None of this sounded like the vivacious character I was having a great conversation with. I wondered how Alberta managed to not only overcome such a low point in her life, but rebuild her bubbly and out-going personality.
“When I saw the light, I decided to focus my energy on building my career. So gradually, I began to go out more and, trust me, hearing the sweetest compliments from family and friends every now and then goes a long way.
“At first I was obsessed with finding out ways to gain weigh,t but along the line I started dressing more for my body type, working out from time to time, replacing worry with positive thoughts and I started to see how great I looked as days went by.”
With time, the fake-it-till-you-make-it approach worked.
“You know how you’d look at yourself in the mirror and be like ‘Okay! I look gooooooooood!’? Well, I started to do that more often!”

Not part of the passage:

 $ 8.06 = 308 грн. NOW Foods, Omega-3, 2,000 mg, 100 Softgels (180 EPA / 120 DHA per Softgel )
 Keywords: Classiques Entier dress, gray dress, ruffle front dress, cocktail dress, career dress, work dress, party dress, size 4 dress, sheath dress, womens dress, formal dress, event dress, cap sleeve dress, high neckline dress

Today, Alberta is a confident glowing professional who is excelling in her field. However, if body shaming was ever a concern, her chosen field doesn’t help matters. Show business, and acting in particular, is built almost entirely on vanity. People will assess you based how you look, what you wear and how you carry yourself. Anyone who has ever been to a movie audition in Nigeria knows that even before talent, casting directors almost always look for a striking face, sexy body or known brand that can sell their products. Alberta agrees.
“I studied Theatre and Performing Arts in school and I must say, it’s not been easy so far. Breaking into the industry is harder than I anticipated due to a lot of industry politics and crazy competition. But I’m not about to give up just yet so keep your eyes glued to your screens.”

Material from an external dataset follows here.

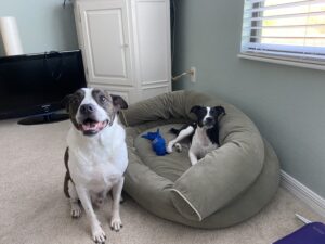 Most dogs take an average of two weeks to adjust/decompress, but some may require more time. During these two weeks, your new dog should be kept separate (in a crate or baby-gated room) from all other animals in the house. As the dog’s new “person”, you should be providing only the basics: food and water, safety, shelter, human interaction/bonding, and entertainment (walks and playtime). This encourages your new dog to depend on you as the sole provider and builds a balanced relationship of bond, trust, and respect to learn to look to you for direction. Once the balanced relationship is built, it will be easier to guide your new dog through difficult situations such as learning to be with the resident dog (if any), and greeting new people.

While this may be put down to optimism, Alberta is working towards breaking into the industry. With the pressures that come with being in the public eye, I wondered if she was ready for the rigours of an industry that thrives on microscopic assessment of her looks. Her answer was simple, and delivered with a soft laugh. Yes.
“I’m working with a production house called VillageBoi Productions in Kaduna State and I host the talk show Memo. We’ve only just recorded a couple of trial episodes where I interviewed Audu Maikori, the C.E.O. of Chocolate City, Kevin Chuwang Pam who won Big Brother Africa in 2009 and a host of others. We are still working on improving our content and eventually airing it.
“I have also done some movies like “Done and Out” directed by Orunchukwu Elueche – a student project for an acting course I did with High Definition Film Academy, Abuja, “The C.A.” directed by Emeka Loveday where I starred alongside Nollywood actor Ujams Cbriel, “Diary Of the Triplets” directed by Bright Wonder Obasi which starred Nollywood actors like Kalu Ikeagwu, Chucks Chyke, Iyke Adiele, Osas Iyamu, Maksat Ankpe Adiele and a host of others. I also do Radio drama with BBC Media Action (Story Story) where I play the character Nana.”
Clearly her hands are quite full! Alberta still wants to use her body shaming experience to help children through child psychology. She remembers how loving her family – her father, mother, brother and four sisters – were when she was battling some of these issues and wants to replicate some of that love for children going though one or more of these body shaming problems.
Most of us never take a minute to wonder what those statements about people’s looks do to their self-esteem. Maybe if we took that minute, we would understand what it means to deliberately cause someone pain and really consider the consequences. Not everyone can recover from those consequences like Alberta did. For those still experiencing those low moments (women in particular), she had a few words.
“Every girl needs to accept themselves for who they are and know that they are beautiful just the way they are; no matter what anyone says. And so long as you have life, you can be and do whatever you want.”